- _WHAT YOU WILL DO_
Please give back, exactly as written, the lines from the line with "Subframe: Specifications" to the line with "Tenda F3 N300" in the listing below, leaving out all pictures.

- _EXTRACTED MATERIAL_
* * *

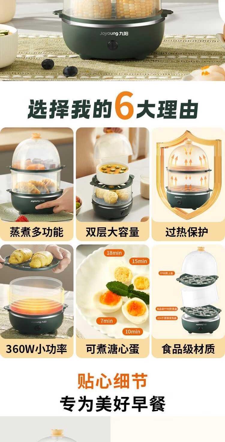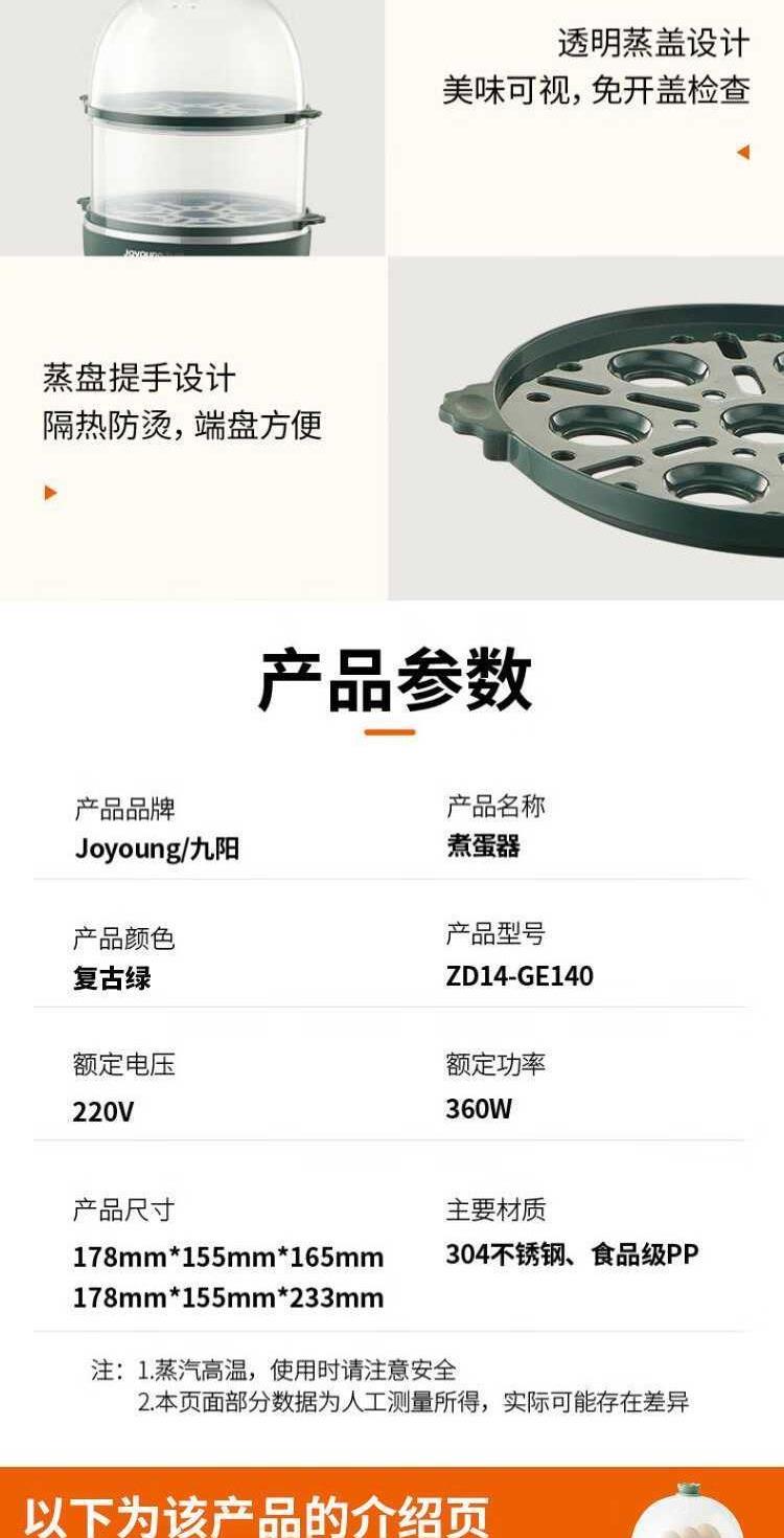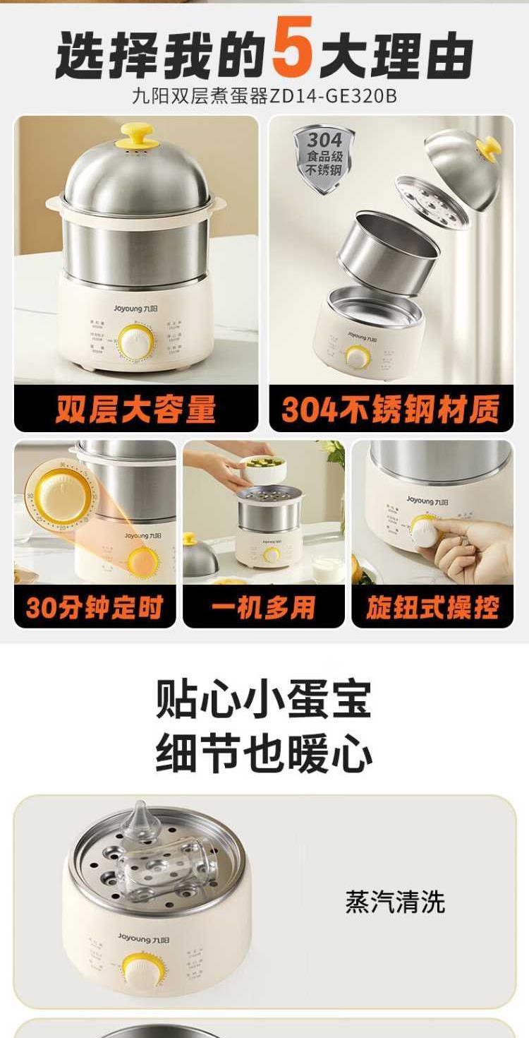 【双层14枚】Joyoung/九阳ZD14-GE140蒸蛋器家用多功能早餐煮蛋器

* * *

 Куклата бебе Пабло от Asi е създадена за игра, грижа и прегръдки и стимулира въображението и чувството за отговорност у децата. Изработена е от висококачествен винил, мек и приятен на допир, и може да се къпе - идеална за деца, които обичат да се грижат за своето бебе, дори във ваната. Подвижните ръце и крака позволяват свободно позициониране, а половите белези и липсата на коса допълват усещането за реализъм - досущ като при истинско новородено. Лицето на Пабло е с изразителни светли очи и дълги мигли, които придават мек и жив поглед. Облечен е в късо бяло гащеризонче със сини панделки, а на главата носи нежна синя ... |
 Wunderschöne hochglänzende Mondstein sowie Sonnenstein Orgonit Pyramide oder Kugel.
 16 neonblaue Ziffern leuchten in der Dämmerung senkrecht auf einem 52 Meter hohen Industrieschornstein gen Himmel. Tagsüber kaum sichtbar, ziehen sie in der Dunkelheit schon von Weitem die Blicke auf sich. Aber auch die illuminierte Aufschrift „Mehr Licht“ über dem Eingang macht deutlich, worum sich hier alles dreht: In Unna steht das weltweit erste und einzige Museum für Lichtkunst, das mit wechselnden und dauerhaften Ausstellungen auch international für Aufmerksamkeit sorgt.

* * *

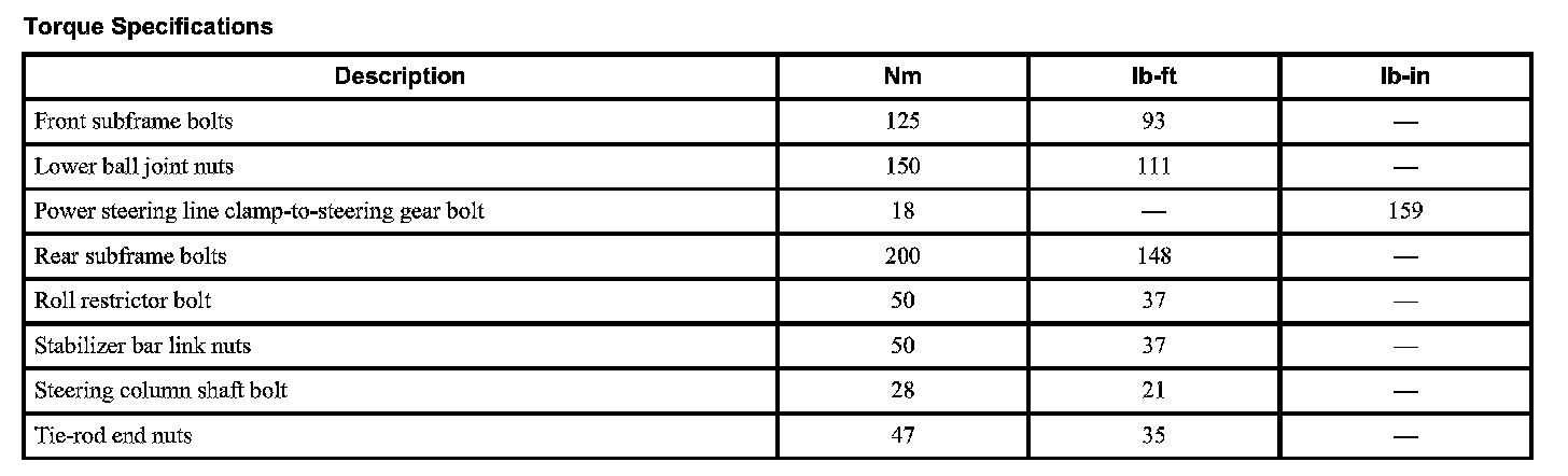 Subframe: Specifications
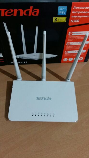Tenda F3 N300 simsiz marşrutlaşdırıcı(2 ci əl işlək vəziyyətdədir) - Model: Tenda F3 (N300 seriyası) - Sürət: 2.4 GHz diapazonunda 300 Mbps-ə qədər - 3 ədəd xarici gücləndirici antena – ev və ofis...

* * *

- _RESULT OF THE TASK_
 Subframe: Specifications
Tenda F3 N300 simsiz marşrutlaşdırıcı(2 ci əl işlək vəziyyətdədir) - Model: Tenda F3 (N300 seriyası) - Sürət: 2.4 GHz diapazonunda 300 Mbps-ə qədər - 3 ədəd xarici gücləndirici antena – ev və ofis...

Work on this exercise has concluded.